None of the differences are significant. From this evaluation, one can gather that the systems have similar coverage of the Wikipedia articles.

Manual Evaluation: While ROUGE serves as a rough measure of coverage, we were interested in gathering more fine-grained information on the informativeness of each system. We performed an additional manual evaluation that assesses the recall of important events for each system.

We first identified which events were most important in a news story. Because reading 300 articles per topic is impractical, we asked AMT workers to read a Wikipedia article on the same topic and then identify the three most important events and the five most important secondary events. We aggregated responses from ten workers per topic and chose the three most common primary and five most common secondary events.

One of the authors then manually identified the presence of these events in the hierarchical summaries, the timelines and the flat MDS summaries. Below we show event recall (the percentage of the events that were mentioned).

Events	Summa	Timeline	Flat-MDS
Prim.	96%	74%	93%
Sec.	76%	53%	64%

The difference in recall between Summa and Timeline was significant in both cases, and the difference between Summa and Flat-MDS was not. In general, the flat summaries were quite redundant, which contributed to the slightly lower event recall.
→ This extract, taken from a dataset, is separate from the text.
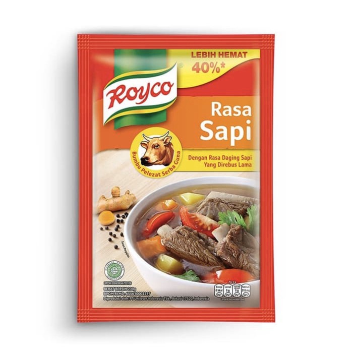 Royco sapi, bumbu penyedap serbaguna yang dapat meningkatkan citarasa masakan Indonesia. Terbuat dari daging ayam dan rempah berkualitas untuk menghasilkan kaldu yang mantap, penuh citarasa. Tambahkan Royco untuk meningkatkan citarasa masakan Indonesia anda.
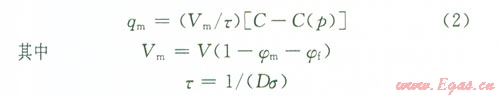 目前主用運(yùn)用蘭格繆爾等溫吸附原理來描述儲(chǔ)層氣體的吸附解吸。實(shí)驗(yàn)和理論研究表明,蘭格繆爾等溫吸附原理適用頁巖氣的吸附解吸特性,即蘭格繆爾單分子層吸附狀態(tài)方程:

The timelines, on the other hand, were both incoherent and at the same time reported less important facts.

We also evaluated at what level in the hierarchy the events were identified for the hierarchical summaries. The event recall shows the percentage of events mentioned at that level or above in the hierarchical summary:

Events	Level 1	Level 2	Level 3
Prim.	63%	81%	96%
Sec.	27%	51%	76%

81% of the primary events are present in the first or second level, and 76% of the secondary events are mentioned by the third level. While recognizing primary events is relatively simple because they are repeated frequently, identification of important secondary events often requires external knowledge.

5.4 Parent-to-Child Coherence

We next tested the hierarchical coherence. One of the authors graded how much each non-leaf sentence in a summary was coherent with its child summary on a scale of one to five, with one being incoherent and five being perfectly coherent. We used the coherence scale from DUC’04.⁶⁶http://duc.nist.gov/duc2004/quality.questions.txt

	Level 1	Level 2
Coherence	3.8	3.4

We found that for the top level of the summary, the parent sentence generally represented the most important event in the cluster and the child summary usually expressed details or reactions of the event. The lower coherence scores were often the result of too few lexical connections or lack of a theme or story. While the facts of the sentences made sense together, the summaries sometimes did not read as if they were written by a human, but as a series of disparate sentences.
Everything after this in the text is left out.